Exercise brief: Restate the records in full and exactly, with no images included.

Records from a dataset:
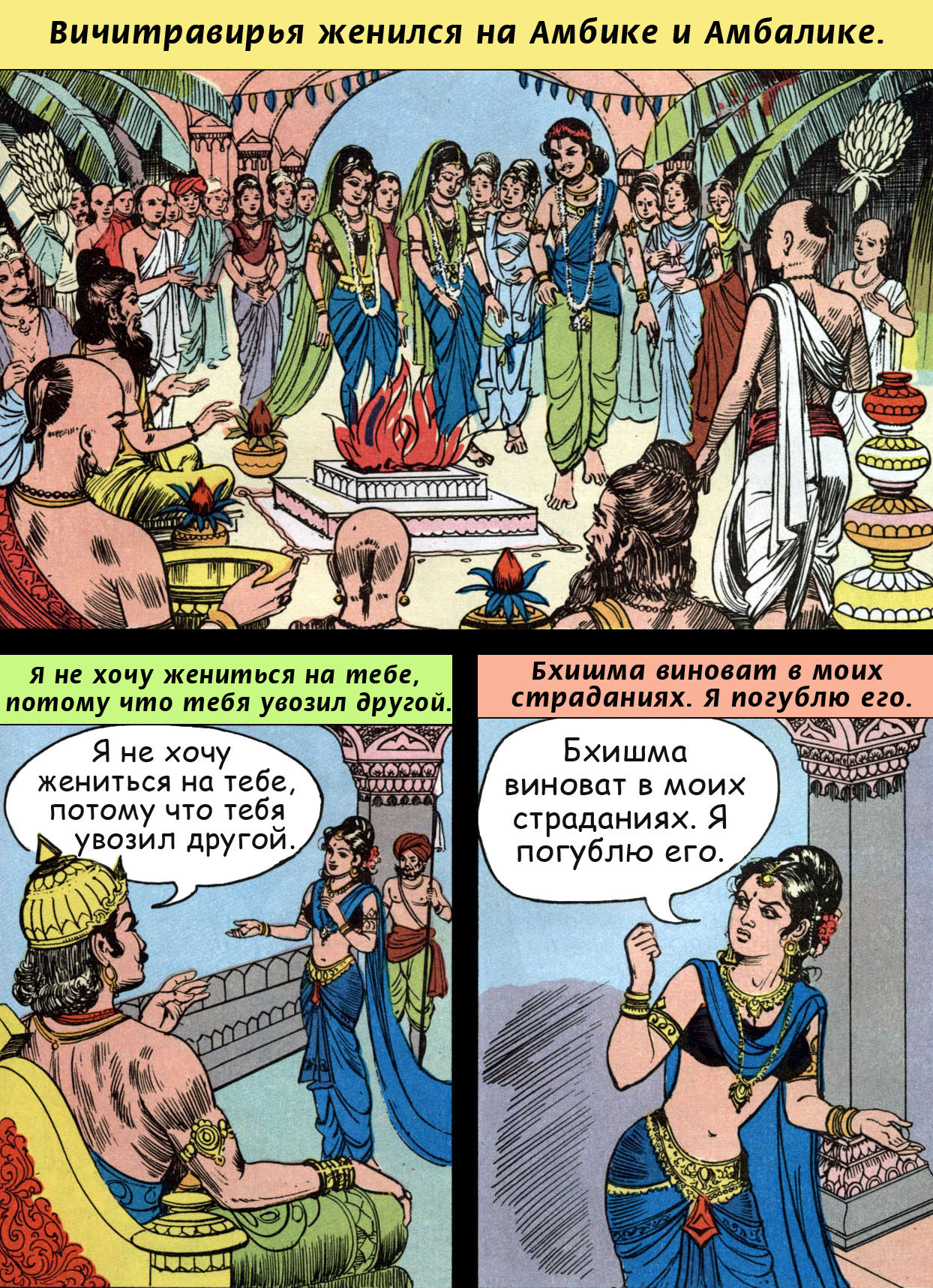 - Будучи достойным представителем своего отца Шантану, венценосца необыкновенного величия, ты наш господин, Деваврата. Ты честный, доброчестивый человек и хорошо знаеь, как справедливо решить это дело. Ты имеешь полное право решать, как должна быть выдана замуж моя дочь. Но я, исполняя свой отцовский долг перед любимой дочерью, должен сказать тебе следующее. О благородный царевич, есть еще одно смущающее меня обстоятельство.
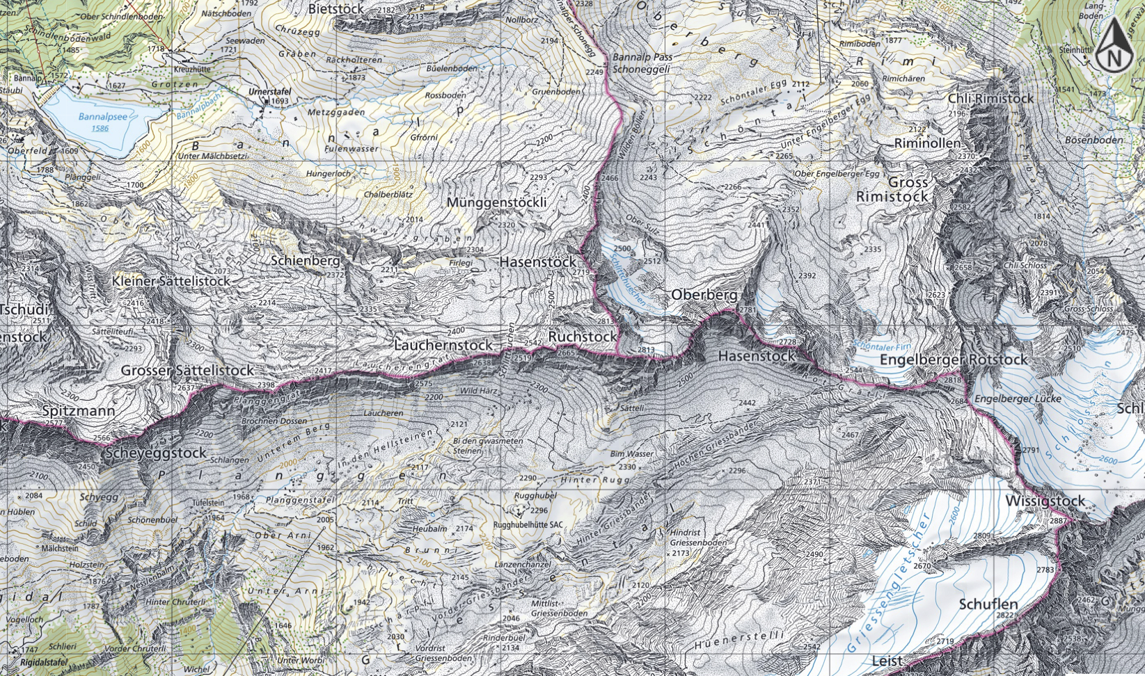 Route: Kreuzhütte – Räckholteren – Gruenboden – Bannalper Schonegg – P. 2266 – P. 2352 – P. 2392 – Rot Grätli – Engelberger Lücke – Wissigstock (2887) – Engelberger Lücke – P.2442 – Rugghubelhütte – Planggenstafel – Tüfelstein – Holzstein – Rigidalstafel – Ristis
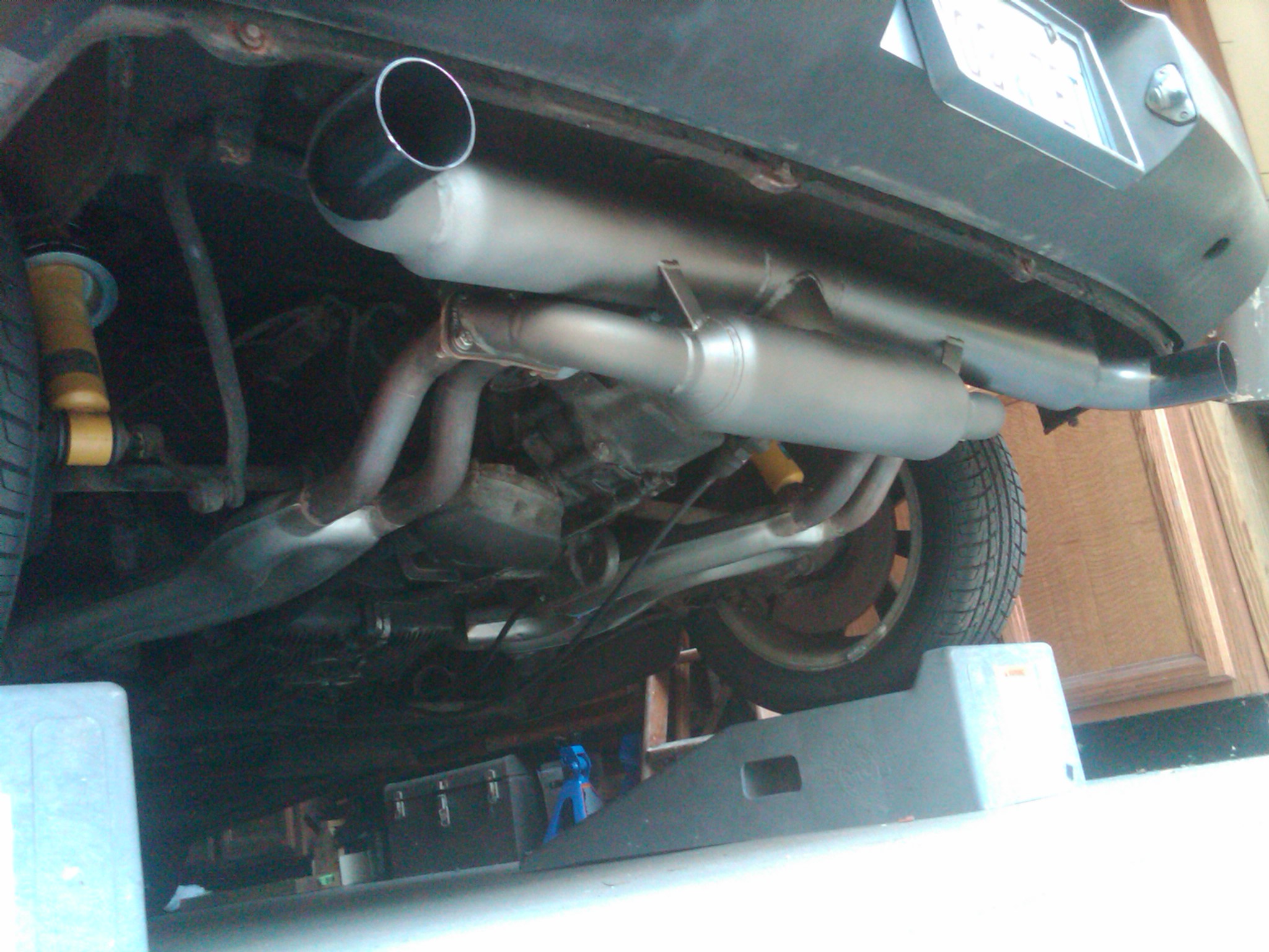 Ok, its installed and it was easy as pie...Everyting lined up perfectly and it looks great. I took the valacne off for now, but it needs to go back on for the cleaner look. I am nervous on the notching part. Im thinking of wussing out and taking it to a fabricator who can make the notch and be able to roll the sheetmetal like the other side. It does sound like a big 4. You're going to love that thing. I love mine. Best 914/4 exhaust I've ever heard.Just a thought, is there a fiberglass alternative? I feel a litle easier cutting fiberglass instead of the metal and may explore that idea. Anyway, the sound! WOW! The prior header/muffler had a higher pitched "raspy" sound, which was nice, but the Triad has a much deeper, mellow tone and "growls". I wont say it sounds like a six, but it sounds like a big four! So far, so good. ![]() |
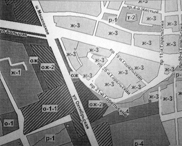 Фрагмент карты градостроительного зонирования с предлагаемым изменением на территории по ул. Октябрьской в Зареченском районе города Тулы.
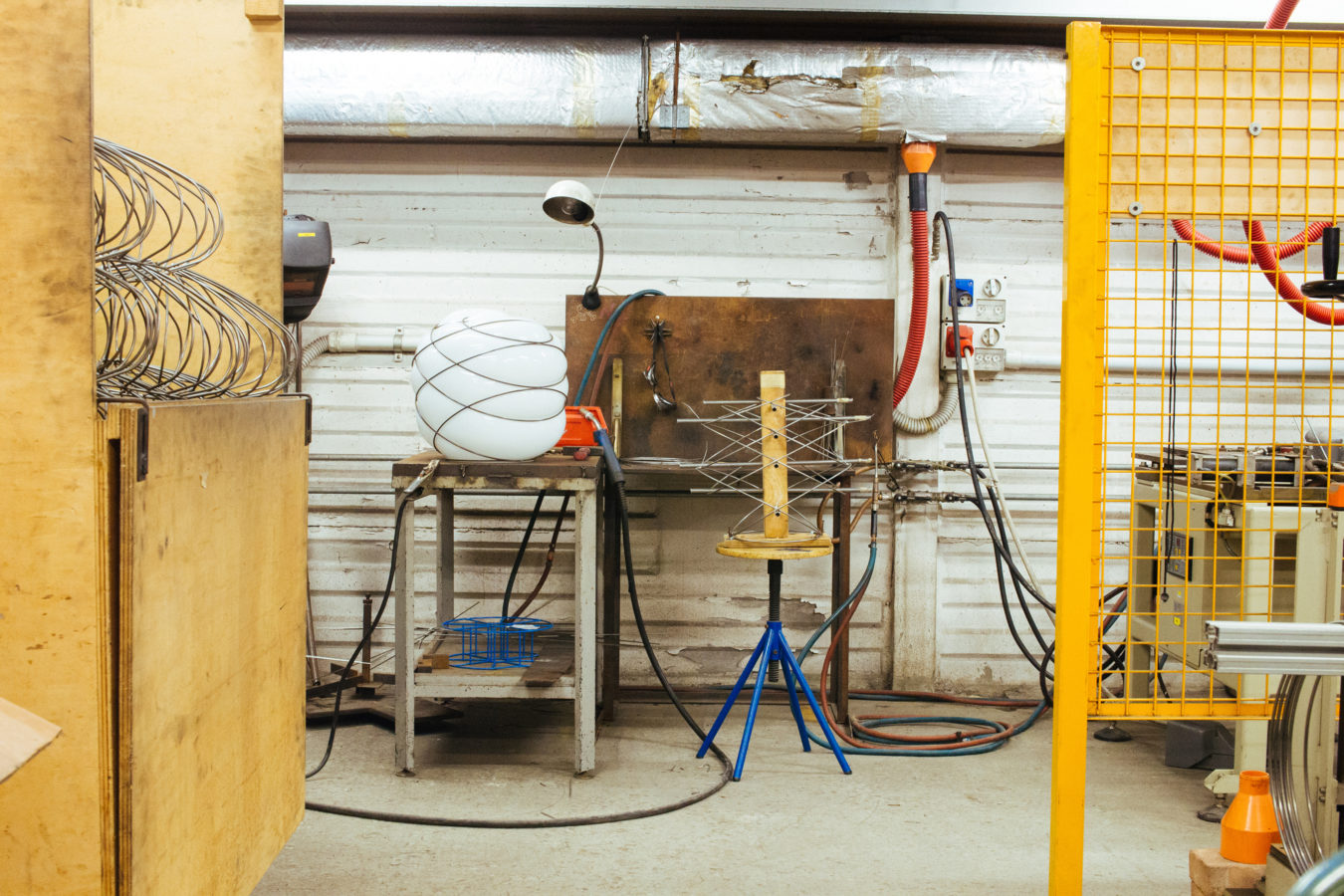 The frame of a moment, a fixed movement, the circles of a metal cage frame are slipping, they are falling down and blown glass is holding them in mid-air. A seemingly random texture is the result of precise geometry. A form that leaves room for imagination similar to clouds that always suggest ever changing images and visions.
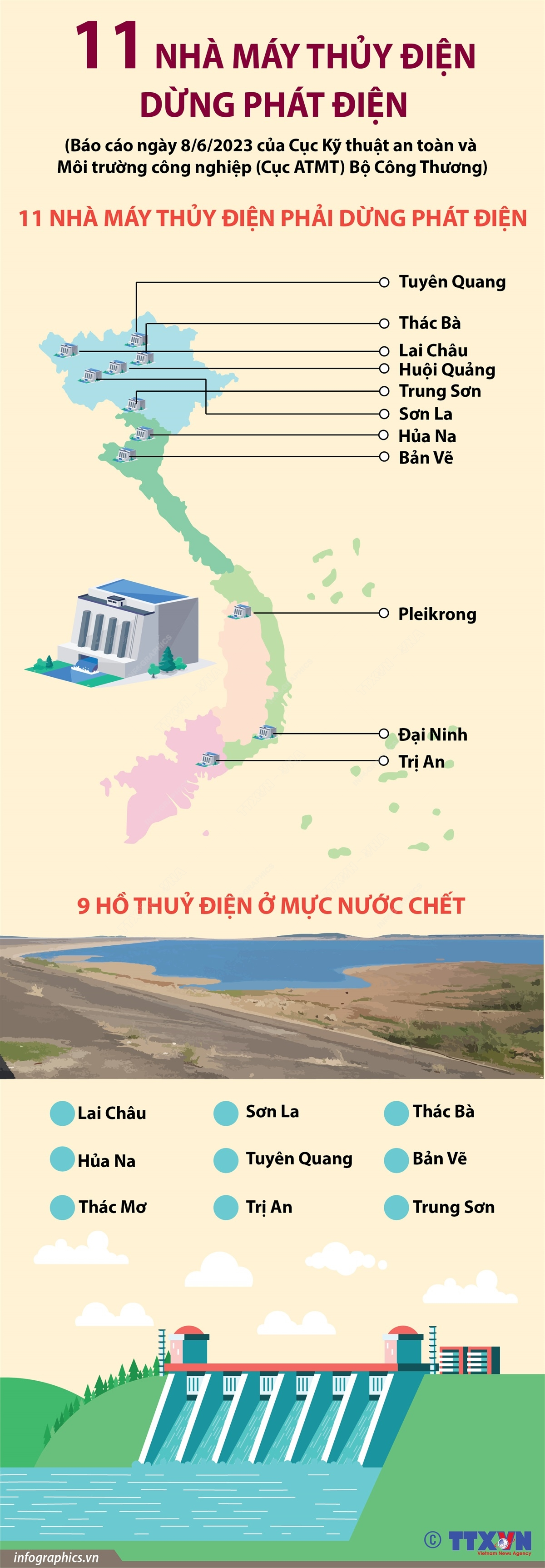 Theo báo cáo ngày 8/6/2023 của Cục Kỹ thuật an toàn và Môi trường công nghiệp (Bộ Công Thương), để đảm bảo vận hành, các tổ máy tại 11 nhà máy như: Sơn La, Lai Châu, Huội Quảng, Thác Bà, Tuyên Quang, Bản Vẽ, Hủa Na, Trung Sơn, Trị An, Đại Ninh, Pleikrong phải dừng phát điện.

Solved exercise:
 - Будучи достойным представителем своего отца Шантану, венценосца необыкновенного величия, ты наш господин, Деваврата. Ты честный, доброчестивый человек и хорошо знаеь, как справедливо решить это дело. Ты имеешь полное право решать, как должна быть выдана замуж моя дочь. Но я, исполняя свой отцовский долг перед любимой дочерью, должен сказать тебе следующее. О благородный царевич, есть еще одно смущающее меня обстоятельство.
 Route: Kreuzhütte – Räckholteren – Gruenboden – Bannalper Schonegg – P. 2266 – P. 2352 – P. 2392 – Rot Grätli – Engelberger Lücke – Wissigstock (2887) – Engelberger Lücke – P.2442 – Rugghubelhütte – Planggenstafel – Tüfelstein – Holzstein – Rigidalstafel – Ristis
 Ok, its installed and it was easy as pie...Everyting lined up perfectly and it looks great. I took the valacne off for now, but it needs to go back on for the cleaner look. I am nervous on the notching part. Im thinking of wussing out and taking it to a fabricator who can make the notch and be able to roll the sheetmetal like the other side. It does sound like a big 4. You're going to love that thing. I love mine. Best 914/4 exhaust I've ever heard.Just a thought, is there a fiberglass alternative? I feel a litle easier cutting fiberglass instead of the metal and may explore that idea. Anyway, the sound! WOW! The prior header/muffler had a higher pitched "raspy" sound, which was nice, but the Triad has a much deeper, mellow tone and "growls". I wont say it sounds like a six, but it sounds like a big four! So far, so good. ![]() |
 Фрагмент карты градостроительного зонирования с предлагаемым изменением на территории по ул. Октябрьской в Зареченском районе города Тулы.
 The frame of a moment, a fixed movement, the circles of a metal cage frame are slipping, they are falling down and blown glass is holding them in mid-air. A seemingly random texture is the result of precise geometry. A form that leaves room for imagination similar to clouds that always suggest ever changing images and visions.
 Theo báo cáo ngày 8/6/2023 của Cục Kỹ thuật an toàn và Môi trường công nghiệp (Bộ Công Thương), để đảm bảo vận hành, các tổ máy tại 11 nhà máy như: Sơn La, Lai Châu, Huội Quảng, Thác Bà, Tuyên Quang, Bản Vẽ, Hủa Na, Trung Sơn, Trị An, Đại Ninh, Pleikrong phải dừng phát điện.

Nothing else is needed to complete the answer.